Belle et Sébastien 3 : J’ai lu le scénario comme je lis un Jack London
Le 14/02/2018
- Allociné
A la frontière du conte, du western, du parcours initiatique et du film d'aventures, Clovis Cornillac offre à Belle et Sébastien un dernier chapitre sincère. Rencontre.
AlloCiné : Un enfant, des animaux, la neige : normalement, ce sont trois choses à éviter quand on réalise un film !

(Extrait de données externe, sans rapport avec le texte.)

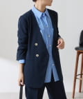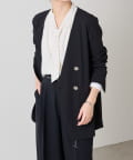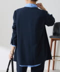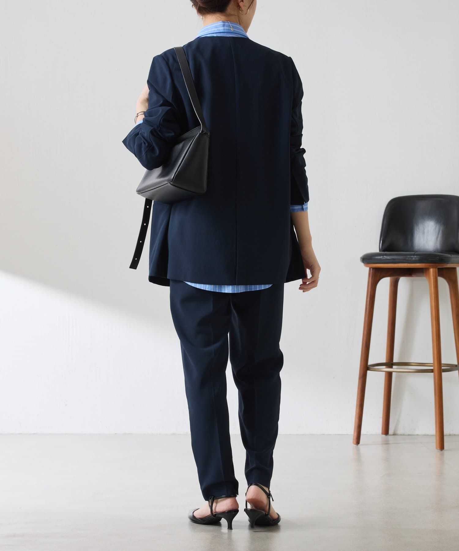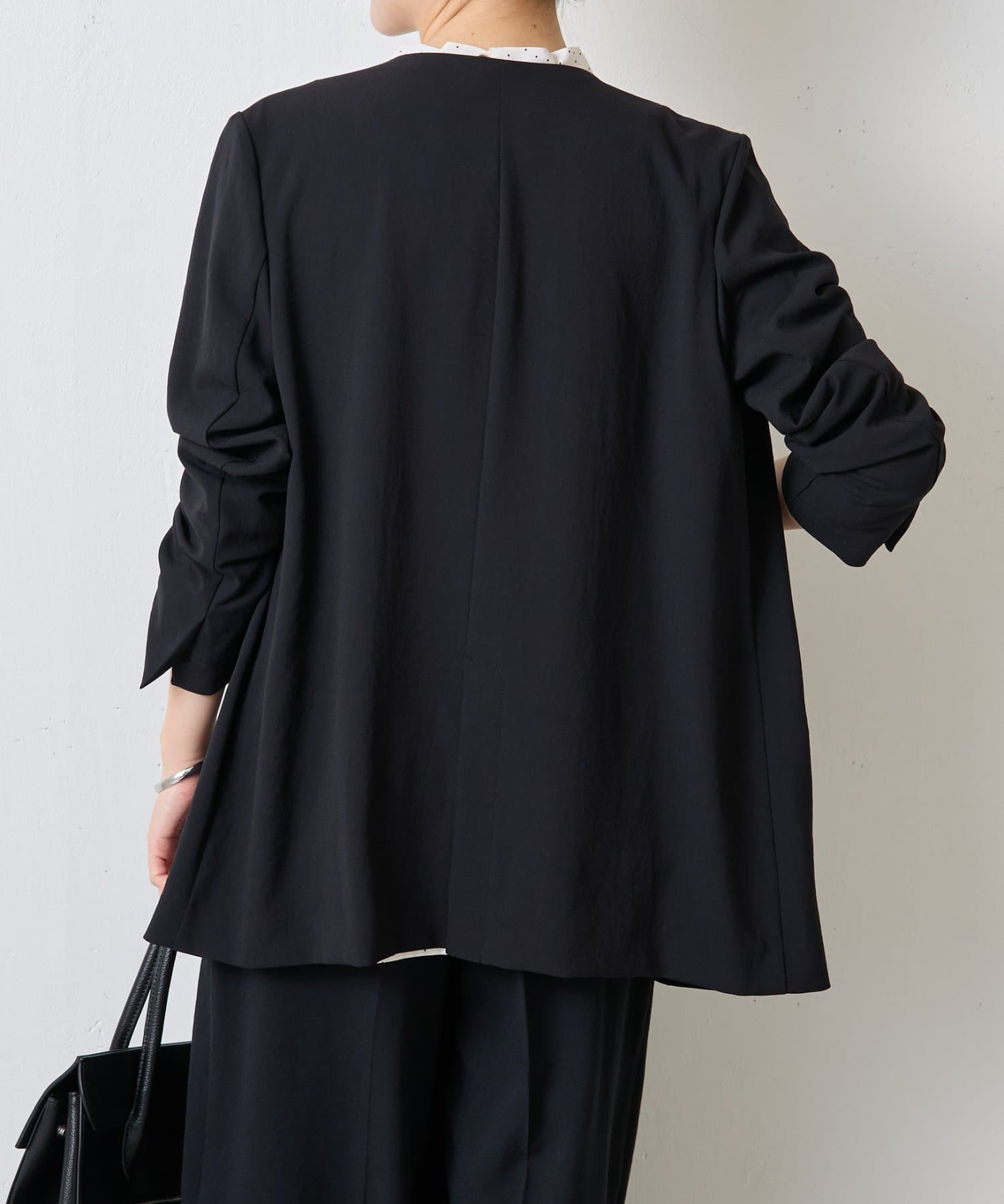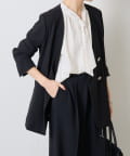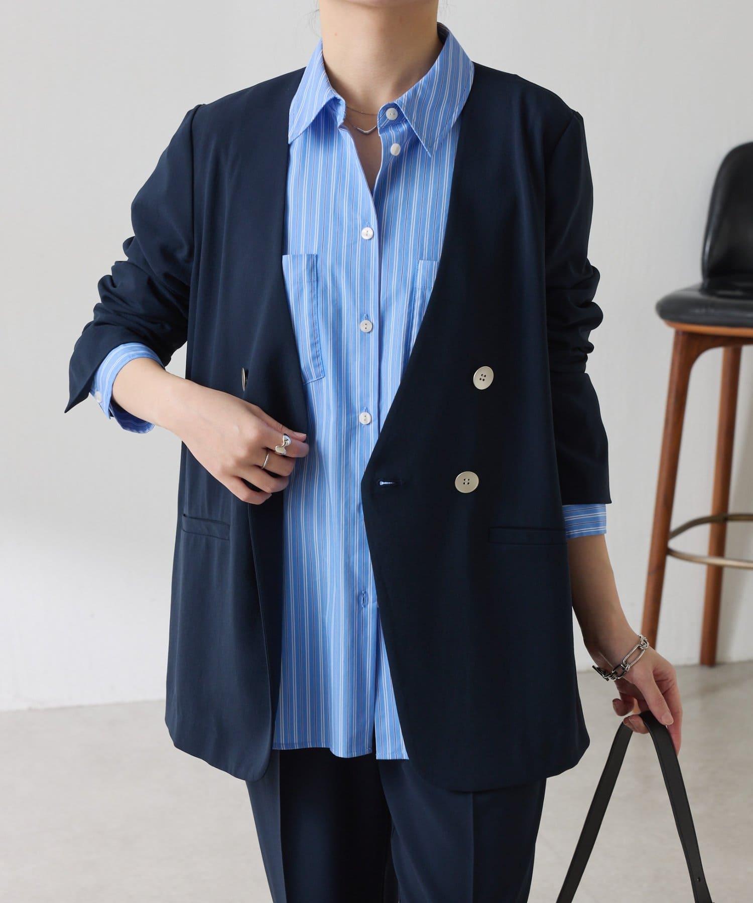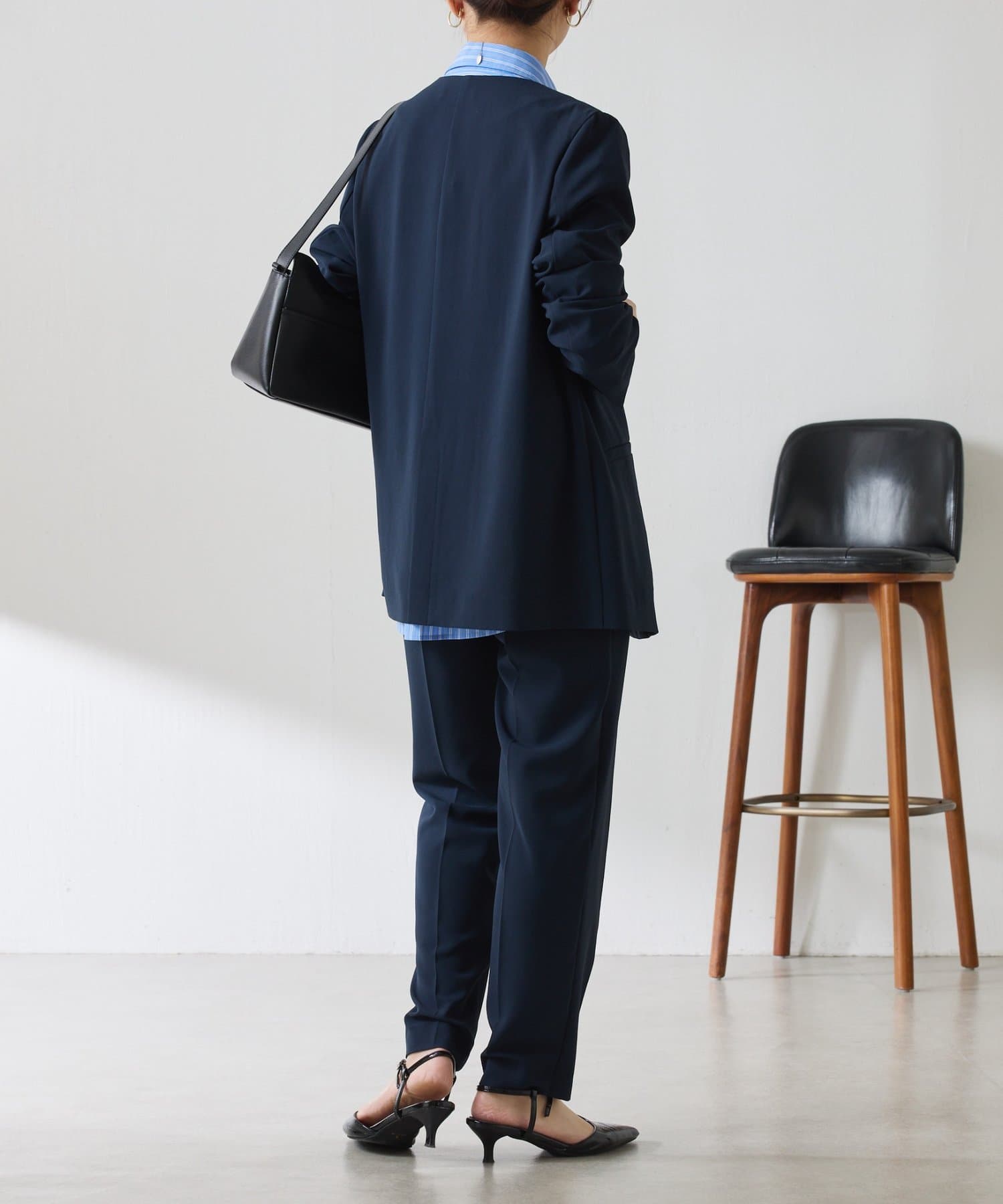 ・かっちりしすぎずカーディガン感覚で着れるノーカラージャケット。
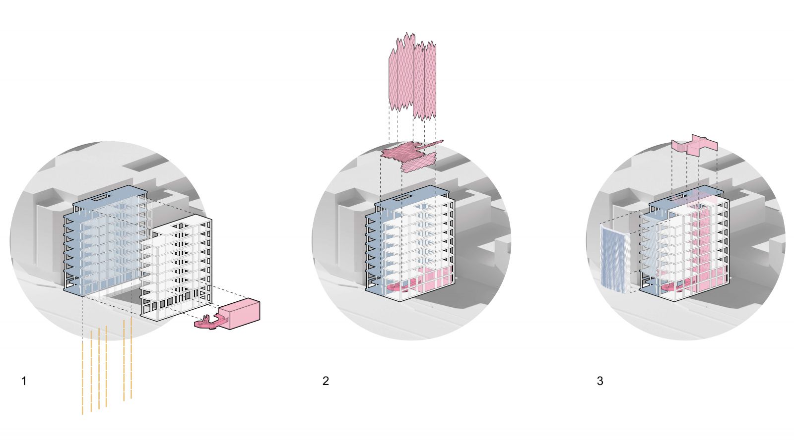 La intervención se articula en dos fases constructivas: por un lado, la rehabilitación estructural de un edificio preexistente con estructura metálica, la cual se refuerza para permitir su integración en un nuevo ciclo funcional sin incrementar la huella medioambiental; por otro, la edificación de un nuevo edificio con estructura de pórticos de hormigón armado sobre cimentación de micropilotes. El mecanismo estructural resultante, por medio del cual la segunda fase constructiva en hormigón armado termina por asumir parte de las cargas de la estructura metálica antigua, hace posible la demolición de una línea completa de pilares metálicos, abriendo nuevas opciones espaciales.
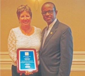 Caribbean Tourism Organisation Secretary General, Hugh Riley presents the award to Theresa Storm

Clovis Cornillac : En général, tu fais marrer tout le monde ! (Rires) Quand j’ai dit à mes pairs : "Mon prochain long métrage, ça va être à la montagne sous la neige avec un chien, des chiots et des enfants…", tu as l’impression de faire une vanne. C’est compliqué, c’est sûr, mais quand on fait un film, la question n’est pas que ce soit simple ou pas. La question, c’est d’être mû par quelque chose, d’être habité par l’idée de raconter une histoire et de fabriquer du cinéma. Se poser uniquement la question de la simplicité et de la rentabilité, ce n’est pas ma conception, ce n’est pas ce qui m’anime. Naïvement, je n’avais pas mesuré toutes ces difficultés : j’ai lu le scénario comme j’ai lu un Jack London. Faire un film d’aventures avec les animaux, la nature, des hommes, des enfants, un parcours initiatique… Après quand tu pars sur l’aventure, chaque étape est compliquée mais peu importe, on va les passer, on va trouver les solutions, on va avancer. Il faut emmener tout le monde sur ton territoire pour dire : "Les gars, soyons enthousiastes de faire ça, de fabriquer ça, parce que ça ne sera pas vide." C’est compliqué, oui, mais en même temps c’est une aventure en soi. Faire un film d’aventures sans vivre une aventure ce serait peut-être un peu étrange.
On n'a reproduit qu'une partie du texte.